[What needs to be done]: The output must be exactly the lines from the "12月13日,应英国上市公司" line through the end of the listing below, with no picture included.

[Recorded information]:
━━━━━━
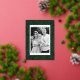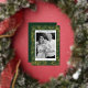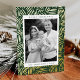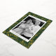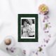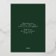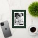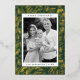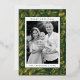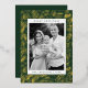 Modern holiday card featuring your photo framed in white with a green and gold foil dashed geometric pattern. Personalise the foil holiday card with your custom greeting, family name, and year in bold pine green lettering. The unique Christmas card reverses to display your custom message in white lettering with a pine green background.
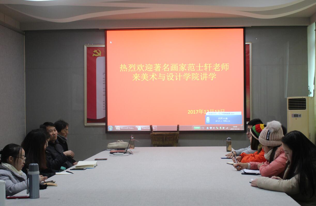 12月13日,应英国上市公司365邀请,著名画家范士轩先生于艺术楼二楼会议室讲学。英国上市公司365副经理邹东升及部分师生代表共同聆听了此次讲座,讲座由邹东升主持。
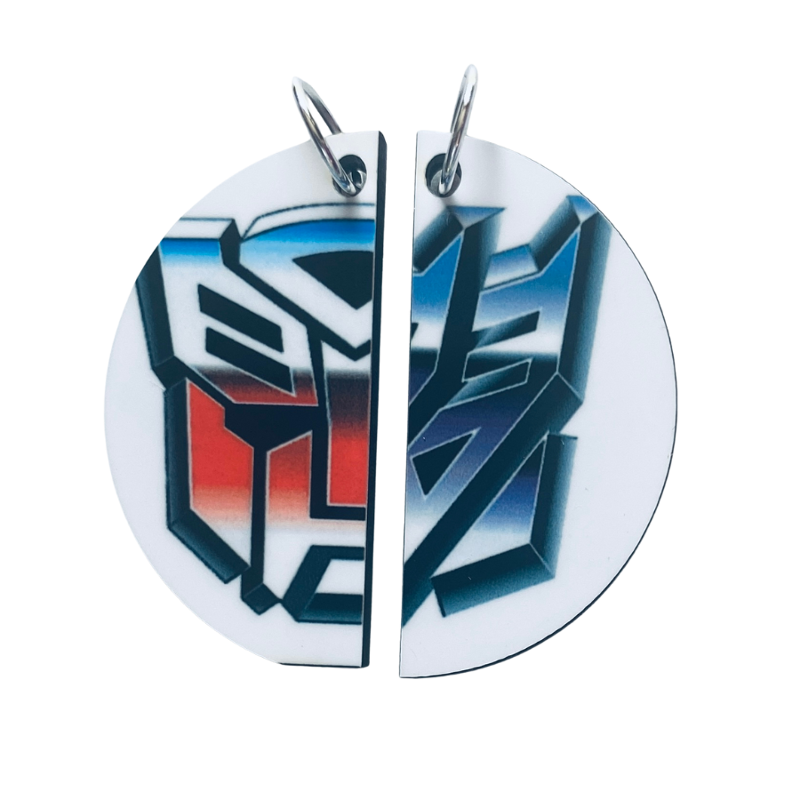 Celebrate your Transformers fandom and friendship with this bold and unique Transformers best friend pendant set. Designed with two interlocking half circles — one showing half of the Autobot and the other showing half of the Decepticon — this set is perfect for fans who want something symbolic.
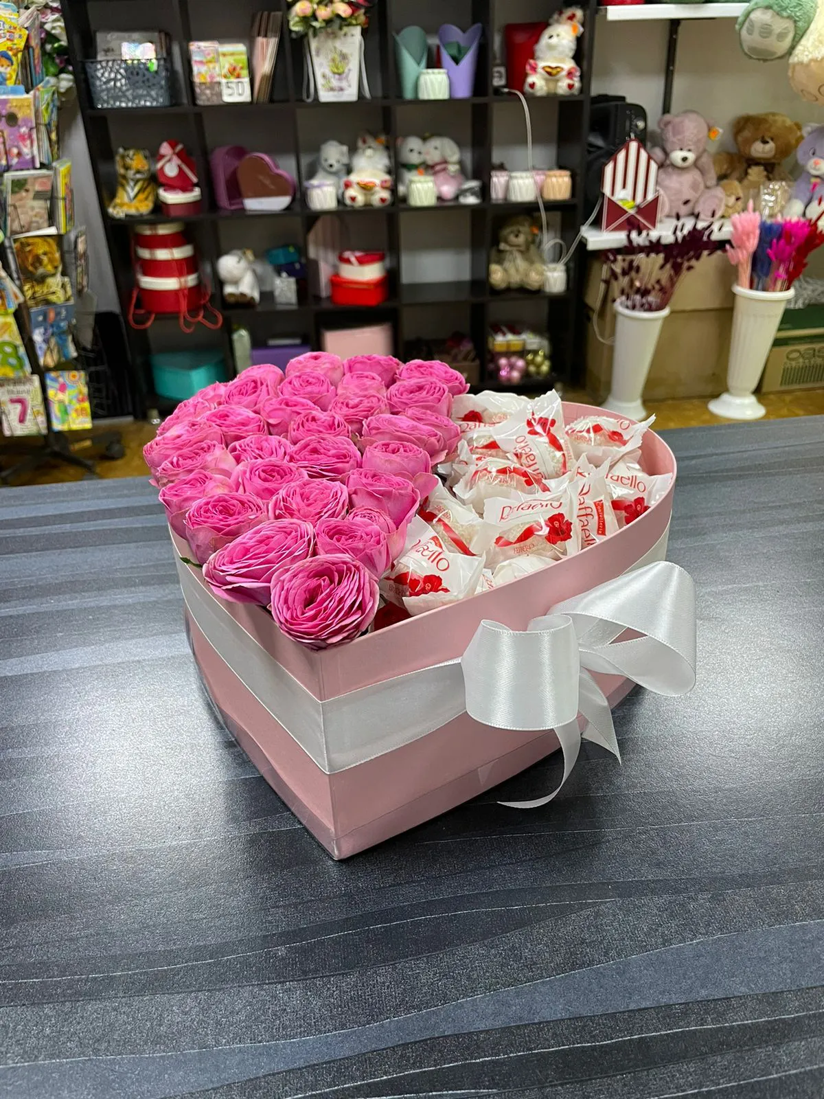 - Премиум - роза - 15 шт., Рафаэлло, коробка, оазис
━━━━━━
[Exercise answer]:
 12月13日,应英国上市公司365邀请,著名画家范士轩先生于艺术楼二楼会议室讲学。英国上市公司365副经理邹东升及部分师生代表共同聆听了此次讲座,讲座由邹东升主持。
 Celebrate your Transformers fandom and friendship with this bold and unique Transformers best friend pendant set. Designed with two interlocking half circles — one showing half of the Autobot and the other showing half of the Decepticon — this set is perfect for fans who want something symbolic.
 - Премиум - роза - 15 шт., Рафаэлло, коробка, оазис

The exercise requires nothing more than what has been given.